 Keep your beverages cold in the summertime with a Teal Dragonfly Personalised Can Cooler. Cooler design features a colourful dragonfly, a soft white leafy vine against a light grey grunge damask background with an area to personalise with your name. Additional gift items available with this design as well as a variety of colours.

...

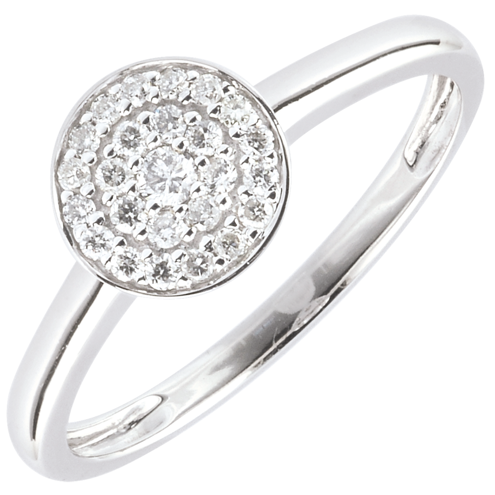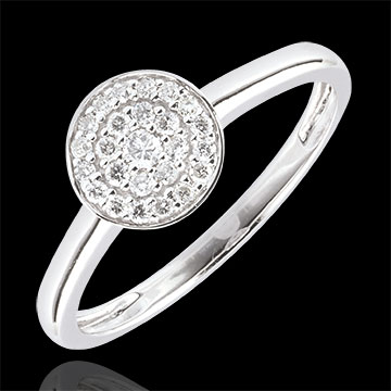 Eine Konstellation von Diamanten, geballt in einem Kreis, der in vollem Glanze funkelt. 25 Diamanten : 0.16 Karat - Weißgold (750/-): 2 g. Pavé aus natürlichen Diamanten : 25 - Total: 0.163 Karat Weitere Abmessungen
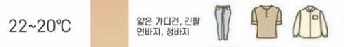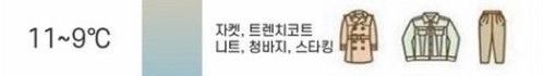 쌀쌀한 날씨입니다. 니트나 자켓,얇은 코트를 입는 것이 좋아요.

Directions for this task
What to print is the stretch of entries from the line with "Eine Konstellation von" up to and including the line with "쌀쌀한 날씨입니다. 니트나 자켓,얇은 코트를 입는 것이 좋아요.". Please print it exactly and leave out the pictures.

Answer for this exercise
 Eine Konstellation von Diamanten, geballt in einem Kreis, der in vollem Glanze funkelt. 25 Diamanten : 0.16 Karat - Weißgold (750/-): 2 g. Pavé aus natürlichen Diamanten : 25 - Total: 0.163 Karat Weitere Abmessungen
 쌀쌀한 날씨입니다. 니트나 자켓,얇은 코트를 입는 것이 좋아요.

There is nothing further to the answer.